Solves the matrix equation sum_j A{j} X B{j}^T = F for any number of terms, where A and B are cell arrays consisting of mxm and nxn matrices, respectively. The cost of the algorithm depends on the number of terms in the matrix equation. In particular, for more than 3 terms the cost is typically O((mn)^3) operations.
Solves the generalized Sylvester matrix equation given by
AXB' + CXD' = E
where A, C are mxm matrices, B and D are nxn matrices, and E is an mxn matrix. The algorithm is based on a generalization of Bartels-Stewart algorithm [1] and costs O(m^3+n^3) operations, see [2].
Solves the Lyapunov matrix equation given by A*X + X*A' + Q = 0, the Sylvester equation A*X + X*B + C = 0, and
the generalized Lyapunov equation A*X*E' + E*X*A' + Q = 0.

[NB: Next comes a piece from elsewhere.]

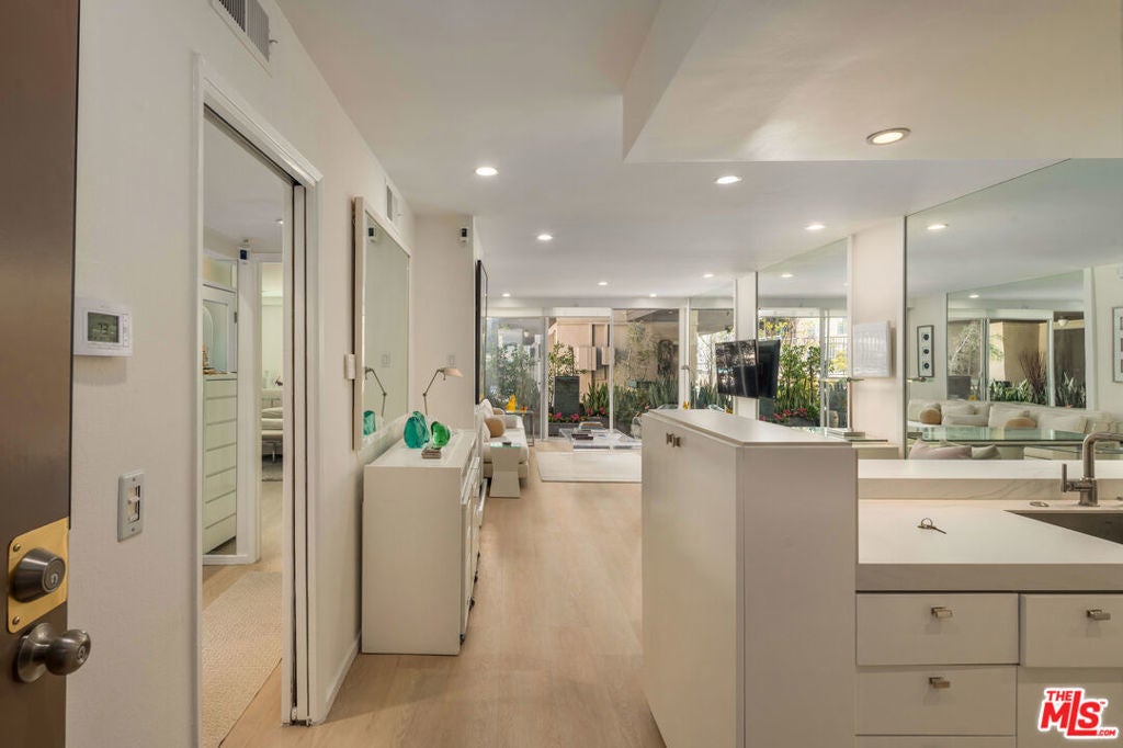 Experience contemporary city living at its finest in this sleek 1-bedroom, 1-bath residence at the sought-after Briarwood complex. This modern unit features an open-concept layout with clean lines, stylish finishes, and is flooded with natural light throughout. The living room flows seamlessly to a spacious private patio, complete with a tranquil stone waterfall floor fountain - the perfect place to unwind or entertain. A kitchen outfitted with stainless steel appliances combines elegance with modern appeal, while a thoughtfully designed layout ensures effortless flow to the bedroom. Ample space and a generous walk-in closet make the bedroom a serene retreat, complemented by an updated bath that adds a touch of luxury. Residents of Briarwood enjoy resort-style amenities, including a large pool, relaxing spa, and recreation room. Nestled just moments from the iconic Runyon Canyon, this home offers the perfect balance of urban convenience and access to nature - ideal for those who love both city energy and outdoor adventure.

folder contains a collection of iterative solvers for the matrix equation A*X - X*B = F based on the alternating direction implicit (ADI) method.
[1] R. H. Bartels & G. W. Stewart, Solution of the matrix equation AX +XB = C, Comm. ACM, 15, 820–826, 1972.
[2] J. D. Gardiner, A. J. Laub, J. J. Amato, & C. B. Moler, Solution of the Sylvester matrix equation AXB^T + CXD^T = E, ACM Transactions on Mathematical Software (TOMS), 18(2), 223-231, 1992.